“Se uma pessoa tem um decote até ao umbigo, uma racha até cá acima e o outro não faz amor há não sei quanto tempo, o que é que a pessoa está a fazer senão assédio sobre o homem?” – Maria do Céu Santo (médica)
“Ela é uma prostituta de luxo. Trabalha no ramo. Pode ser prostituta à vontade, eu sou contra a prostituição, uns são a favor, mas é prostituta.. Se estivesse à porta do Jamaica a ganhar 20 euros ninguém questionava que o era, como está num casino em Las Vegas passa a «atraidora de clientes».” – Raquel Varela (historiadora)
“Sobre Kathryn Mayorga nada sei. Pode ser uma santa, mas pode ser uma megera. E pensando melhor, uma santa não se meteria no quarto de hotel de um homem.” – Henrique Monteiro (jornalista)
“Ela foi para o quarto com o Ronaldo pois sabia que ia para um recital de poesia e toda a gente sabe que o Cristiano não é atrativo, é feio, marreco e nunca ninguém se quer aproveitar de Cristiano Ronaldo. Ela foi para o quarto ‘obrigada’ e então depois quando ele lhe mostrava as ‘táticas do jogo’ houve uma situação que ela já não queria e que era sexo anal. Quem vai à guerra, ‘vai à guerra’, não é?” – Maya (apresentadora)
“A mulher queixa-se de que há nove anos o português a terá levado para um quarto de hotel onde a sujeitou a uma prática de sodomia que lhe provocou lesões que ela teve de tratar. O seu relato parece perfeitamente credível. Mas – e mesmo que descontemos o lapso de tempo decorrido desde o episódio – tem problemas. O primeiro é a queixosa dizer ter sido vítima de “violação”, o que é pouco consistente com o facto de ter acompanhado voluntariamente o jogador a um quarto de hotel.” – José Cabrita Saraiva (historiador)
A mulher de que falam estas pessoas, de forma mais ou menos leviana, de forma mais ou menos séria, é, como já devem ter percebido, Kathryn Mayorga, a mulher que acusa Cristiano Ronaldo de a ter violado em 2009. Não se trata apenas da tentativa de a descredibilizar por completo porque era isto ou fez aquilo; não se trata apenas de serem incapazes de perceber por que o silêncio é quase sempre a escolha, e ainda a única hipótese de segurança, para alguém que seja vítima de assédio ou violação; não se trata de não assumirem a sua quota parte de responsabilidade pelo sofrimento que provocam com as suas palavras às milhares de mulheres que são violadas todos os anos, atirando-lhes a culpa por se vestirem de determinada forma, por dançarem mais perto ou mais livremente; basicamente, culpabilizando-as por se ‘meterem a jeito’. Não se trata sequer de perceberem que nesta suposta campanha por dinheiro fácil e atenção “o foco das notícias do mundo inteiro não custa nada, não é?“, como ironicamente questionou a deputada Isabel Moreira.
Trata-se, pois, de saber dar uma opinião com a responsabilidade que os cargos ou a exposição que têm lhes dá.

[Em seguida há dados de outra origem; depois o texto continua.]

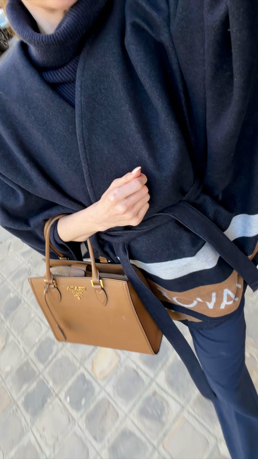 Black cashmere roll neck with subtle gold button detailing at the sleeve. A beautifully tailored black wool coat from Zara, cinched at the waist. Sharp black tailored trousers, classic black ankle boots, and oversized Yves Saint Laurent sunglasses. Finished with the large Demellier London tote that fits your laptop and your whole life.

E nesse critério o slutshaming não pode ser uma opção, seja em que contexto for, porque, para além de toda a (falsa) moralidade imposta, apenas serve para denegrir gratuitamente uma mulher que poderá ter sido vítima de uma das piores experiências que qualquer pessoa pode viver: ser violada.
Independentemente do resultado da investigação, em que o escrutínio será inevitavelmente mais sério e informado que o de qualquer comentarista, importa que o assunto seja tratado com as precauções devidas que um episódio tão complexo como este merece. E para tal há que evitar juízos de valor e ataques misóginos. Podemos começar então por não ser a avózinha e o seu grandessíssimo humor.